◆ What you are asked to do ◆
Search the listing below for "with". Copy each matching line.

◆ Data excerpts ◆
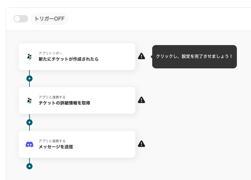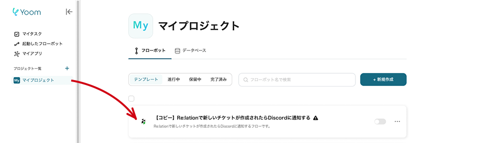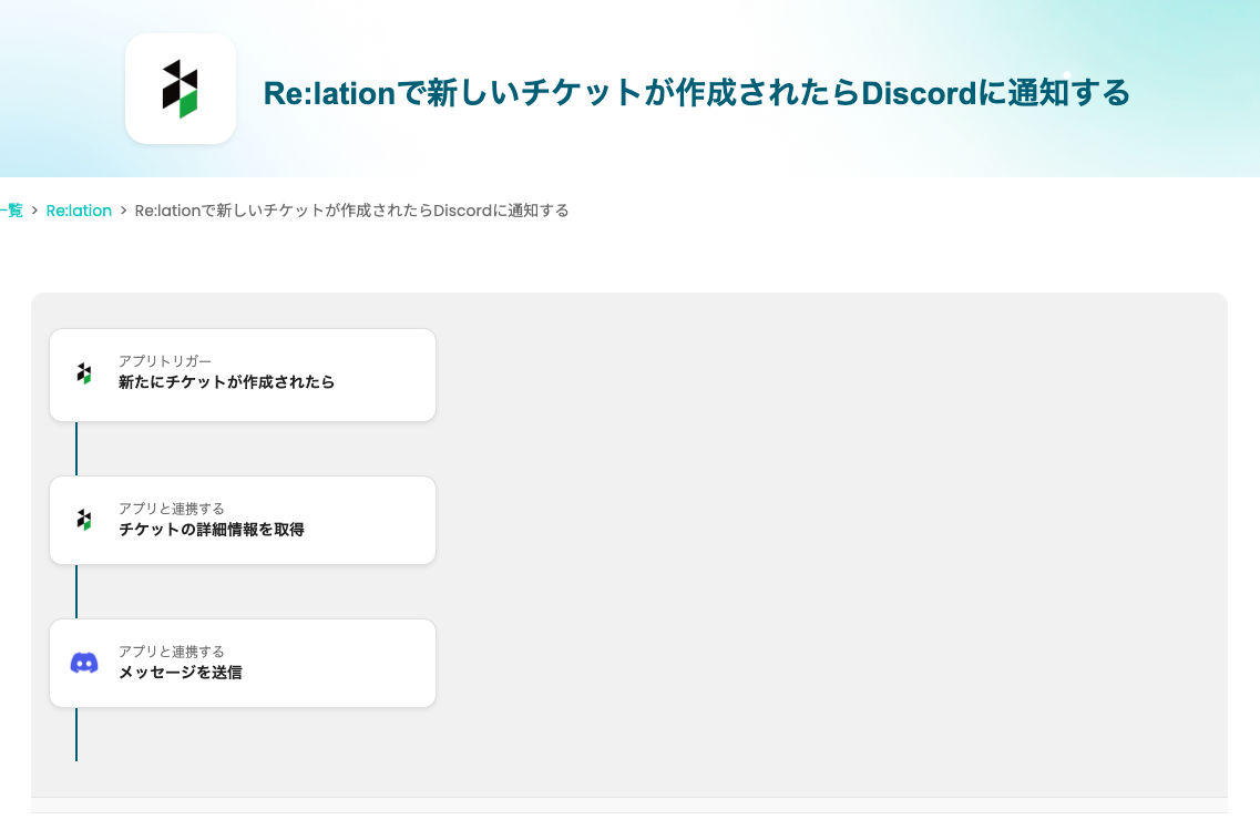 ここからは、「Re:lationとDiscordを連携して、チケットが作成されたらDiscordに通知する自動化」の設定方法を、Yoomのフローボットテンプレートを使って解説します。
==
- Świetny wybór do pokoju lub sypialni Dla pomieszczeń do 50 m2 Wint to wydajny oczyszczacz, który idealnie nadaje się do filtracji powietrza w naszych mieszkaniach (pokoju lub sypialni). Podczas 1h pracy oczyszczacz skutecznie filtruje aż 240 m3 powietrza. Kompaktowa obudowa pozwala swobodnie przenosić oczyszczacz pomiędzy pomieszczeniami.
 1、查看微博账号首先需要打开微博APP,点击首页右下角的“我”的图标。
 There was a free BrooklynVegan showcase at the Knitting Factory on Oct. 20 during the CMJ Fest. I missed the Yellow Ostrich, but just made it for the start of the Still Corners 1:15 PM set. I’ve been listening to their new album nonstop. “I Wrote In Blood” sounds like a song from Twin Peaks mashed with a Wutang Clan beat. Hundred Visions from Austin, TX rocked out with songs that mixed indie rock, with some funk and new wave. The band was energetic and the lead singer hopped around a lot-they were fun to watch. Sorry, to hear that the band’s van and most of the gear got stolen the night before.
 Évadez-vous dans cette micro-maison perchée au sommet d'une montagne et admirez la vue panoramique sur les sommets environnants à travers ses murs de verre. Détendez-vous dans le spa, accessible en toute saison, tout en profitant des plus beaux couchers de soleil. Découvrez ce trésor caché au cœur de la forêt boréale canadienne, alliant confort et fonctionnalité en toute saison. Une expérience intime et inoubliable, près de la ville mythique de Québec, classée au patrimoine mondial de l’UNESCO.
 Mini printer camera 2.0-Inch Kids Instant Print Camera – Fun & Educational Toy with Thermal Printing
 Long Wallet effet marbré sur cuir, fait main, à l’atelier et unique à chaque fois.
---
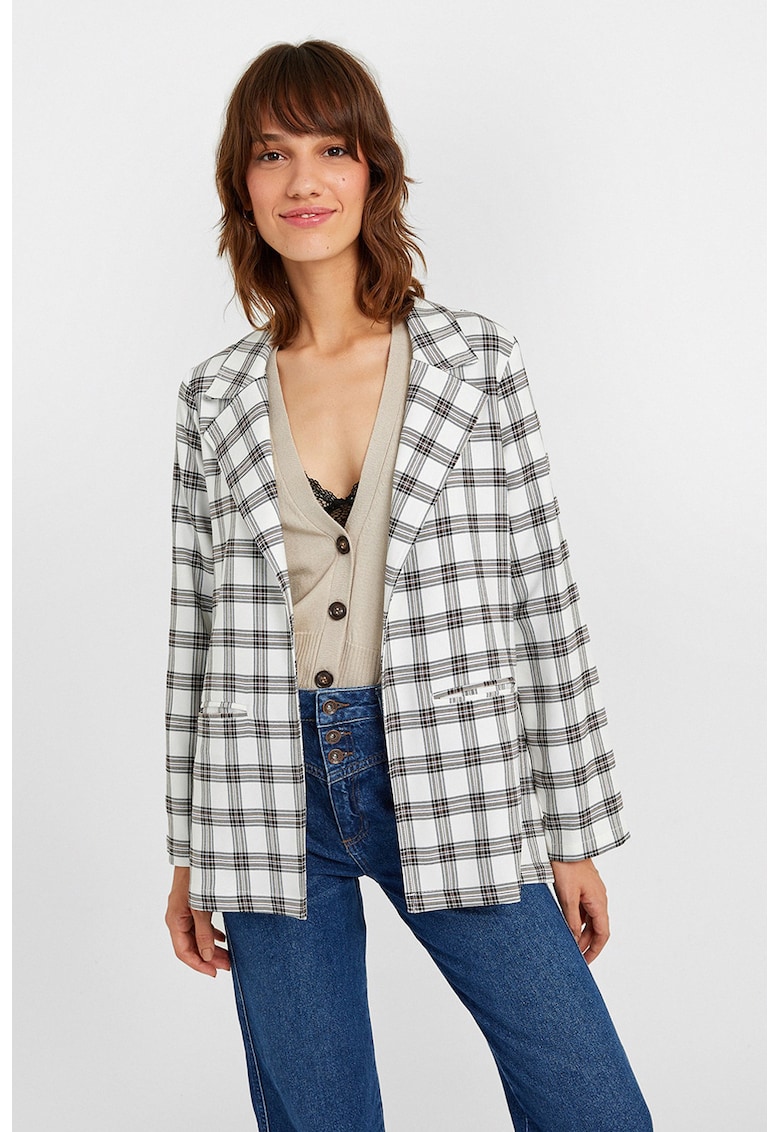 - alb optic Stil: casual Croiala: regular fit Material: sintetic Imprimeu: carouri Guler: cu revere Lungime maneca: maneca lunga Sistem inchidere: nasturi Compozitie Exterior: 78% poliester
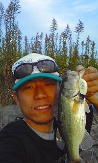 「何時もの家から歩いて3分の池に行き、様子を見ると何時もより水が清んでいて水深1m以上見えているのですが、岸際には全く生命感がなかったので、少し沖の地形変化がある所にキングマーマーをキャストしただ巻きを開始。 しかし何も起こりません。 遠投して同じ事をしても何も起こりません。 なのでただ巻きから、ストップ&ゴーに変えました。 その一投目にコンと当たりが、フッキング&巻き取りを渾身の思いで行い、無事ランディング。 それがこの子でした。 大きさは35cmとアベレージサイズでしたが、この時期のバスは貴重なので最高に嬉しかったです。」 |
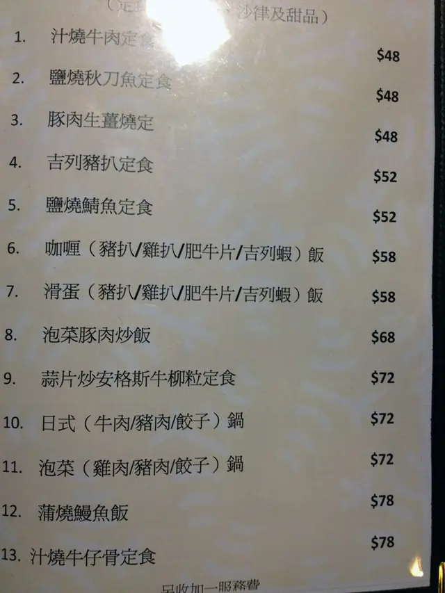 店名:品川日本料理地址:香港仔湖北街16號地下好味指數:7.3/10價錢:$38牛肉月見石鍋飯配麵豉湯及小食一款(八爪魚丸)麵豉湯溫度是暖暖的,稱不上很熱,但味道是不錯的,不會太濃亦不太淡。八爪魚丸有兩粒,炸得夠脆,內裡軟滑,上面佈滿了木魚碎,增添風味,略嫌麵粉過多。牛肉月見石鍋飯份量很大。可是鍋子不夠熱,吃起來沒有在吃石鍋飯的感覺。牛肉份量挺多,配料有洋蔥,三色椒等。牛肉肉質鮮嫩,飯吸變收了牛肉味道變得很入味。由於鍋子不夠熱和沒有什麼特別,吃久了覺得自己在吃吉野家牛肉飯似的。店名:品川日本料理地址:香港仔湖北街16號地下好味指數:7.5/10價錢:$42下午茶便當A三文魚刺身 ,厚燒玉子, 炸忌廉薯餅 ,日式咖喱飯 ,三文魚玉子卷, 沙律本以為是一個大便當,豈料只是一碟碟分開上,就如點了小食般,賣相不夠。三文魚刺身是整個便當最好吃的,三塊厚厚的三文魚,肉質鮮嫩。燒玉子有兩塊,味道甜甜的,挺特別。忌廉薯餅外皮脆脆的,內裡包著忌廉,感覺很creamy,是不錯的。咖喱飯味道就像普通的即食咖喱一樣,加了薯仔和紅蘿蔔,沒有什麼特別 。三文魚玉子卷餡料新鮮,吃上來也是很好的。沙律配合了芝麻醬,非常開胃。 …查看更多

◆ Answer space ◆
 There was a free BrooklynVegan showcase at the Knitting Factory on Oct. 20 during the CMJ Fest. I missed the Yellow Ostrich, but just made it for the start of the Still Corners 1:15 PM set. I’ve been listening to their new album nonstop. “I Wrote In Blood” sounds like a song from Twin Peaks mashed with a Wutang Clan beat. Hundred Visions from Austin, TX rocked out with songs that mixed indie rock, with some funk and new wave. The band was energetic and the lead singer hopped around a lot-they were fun to watch. Sorry, to hear that the band’s van and most of the gear got stolen the night before.
 Mini printer camera 2.0-Inch Kids Instant Print Camera – Fun & Educational Toy with Thermal Printing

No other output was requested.